(Goal of the exercise)
Going down the data below, set down exactly the line with "Erkaklar uchun ko'p" and each line after it through the line with "Escabeau Featherlite, extra"; no other lines.

Stored items from a collection:
────

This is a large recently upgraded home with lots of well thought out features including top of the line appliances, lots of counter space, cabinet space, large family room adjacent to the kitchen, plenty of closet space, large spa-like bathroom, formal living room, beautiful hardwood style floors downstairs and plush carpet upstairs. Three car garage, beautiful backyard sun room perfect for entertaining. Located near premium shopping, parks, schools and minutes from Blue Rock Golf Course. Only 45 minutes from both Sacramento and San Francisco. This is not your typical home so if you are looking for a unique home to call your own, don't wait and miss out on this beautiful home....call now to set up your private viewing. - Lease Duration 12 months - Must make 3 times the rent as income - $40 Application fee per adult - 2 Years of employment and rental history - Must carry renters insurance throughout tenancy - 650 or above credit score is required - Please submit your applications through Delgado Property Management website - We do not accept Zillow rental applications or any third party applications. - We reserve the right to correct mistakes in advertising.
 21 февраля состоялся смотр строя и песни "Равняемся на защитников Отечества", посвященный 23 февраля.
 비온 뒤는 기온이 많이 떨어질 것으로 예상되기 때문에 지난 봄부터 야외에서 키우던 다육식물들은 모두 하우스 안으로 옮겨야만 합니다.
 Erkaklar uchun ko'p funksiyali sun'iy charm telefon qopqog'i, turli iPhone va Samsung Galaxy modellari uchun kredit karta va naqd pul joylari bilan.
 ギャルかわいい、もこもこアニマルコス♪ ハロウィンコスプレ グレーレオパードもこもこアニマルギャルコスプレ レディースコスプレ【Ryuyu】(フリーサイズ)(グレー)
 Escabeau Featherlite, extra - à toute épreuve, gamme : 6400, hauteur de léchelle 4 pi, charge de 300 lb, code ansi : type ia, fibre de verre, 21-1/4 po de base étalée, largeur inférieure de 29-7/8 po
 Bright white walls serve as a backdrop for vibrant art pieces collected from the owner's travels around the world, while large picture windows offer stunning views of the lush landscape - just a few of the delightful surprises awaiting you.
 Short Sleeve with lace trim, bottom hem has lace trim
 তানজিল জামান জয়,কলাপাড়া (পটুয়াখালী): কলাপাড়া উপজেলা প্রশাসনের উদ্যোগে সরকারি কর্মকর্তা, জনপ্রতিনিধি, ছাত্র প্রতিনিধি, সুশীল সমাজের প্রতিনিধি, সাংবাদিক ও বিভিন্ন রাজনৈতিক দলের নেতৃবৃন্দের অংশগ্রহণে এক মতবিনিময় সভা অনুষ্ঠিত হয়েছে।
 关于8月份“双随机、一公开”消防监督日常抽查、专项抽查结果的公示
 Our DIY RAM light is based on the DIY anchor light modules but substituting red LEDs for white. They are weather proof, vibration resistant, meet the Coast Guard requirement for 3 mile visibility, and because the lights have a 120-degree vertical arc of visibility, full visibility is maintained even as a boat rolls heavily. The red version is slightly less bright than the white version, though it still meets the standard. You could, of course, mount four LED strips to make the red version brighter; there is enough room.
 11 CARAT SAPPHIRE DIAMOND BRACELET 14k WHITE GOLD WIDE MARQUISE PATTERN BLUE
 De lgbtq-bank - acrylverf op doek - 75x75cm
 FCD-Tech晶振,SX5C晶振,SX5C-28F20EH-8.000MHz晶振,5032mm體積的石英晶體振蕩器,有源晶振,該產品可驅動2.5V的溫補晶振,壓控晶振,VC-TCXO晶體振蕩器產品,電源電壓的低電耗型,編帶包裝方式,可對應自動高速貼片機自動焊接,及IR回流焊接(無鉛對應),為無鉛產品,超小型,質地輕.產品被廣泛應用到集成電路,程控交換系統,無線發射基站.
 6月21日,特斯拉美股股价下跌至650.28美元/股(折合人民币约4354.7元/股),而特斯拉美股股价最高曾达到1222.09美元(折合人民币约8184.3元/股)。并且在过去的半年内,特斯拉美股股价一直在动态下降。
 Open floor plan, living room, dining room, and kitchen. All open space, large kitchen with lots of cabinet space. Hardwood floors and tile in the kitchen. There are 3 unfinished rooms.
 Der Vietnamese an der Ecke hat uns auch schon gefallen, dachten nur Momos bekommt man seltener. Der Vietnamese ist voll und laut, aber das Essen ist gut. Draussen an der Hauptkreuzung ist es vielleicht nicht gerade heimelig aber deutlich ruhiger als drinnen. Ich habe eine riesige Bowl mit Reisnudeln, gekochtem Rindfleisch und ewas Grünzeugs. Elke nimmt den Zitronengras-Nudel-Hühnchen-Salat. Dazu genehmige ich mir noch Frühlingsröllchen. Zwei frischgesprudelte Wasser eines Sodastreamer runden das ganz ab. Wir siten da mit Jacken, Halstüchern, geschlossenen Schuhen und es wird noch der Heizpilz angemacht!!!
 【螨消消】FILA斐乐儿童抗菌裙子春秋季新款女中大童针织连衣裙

────

(Answer space)
 Erkaklar uchun ko'p funksiyali sun'iy charm telefon qopqog'i, turli iPhone va Samsung Galaxy modellari uchun kredit karta va naqd pul joylari bilan.
 ギャルかわいい、もこもこアニマルコス♪ ハロウィンコスプレ グレーレオパードもこもこアニマルギャルコスプレ レディースコスプレ【Ryuyu】(フリーサイズ)(グレー)
 Escabeau Featherlite, extra - à toute épreuve, gamme : 6400, hauteur de léchelle 4 pi, charge de 300 lb, code ansi : type ia, fibre de verre, 21-1/4 po de base étalée, largeur inférieure de 29-7/8 po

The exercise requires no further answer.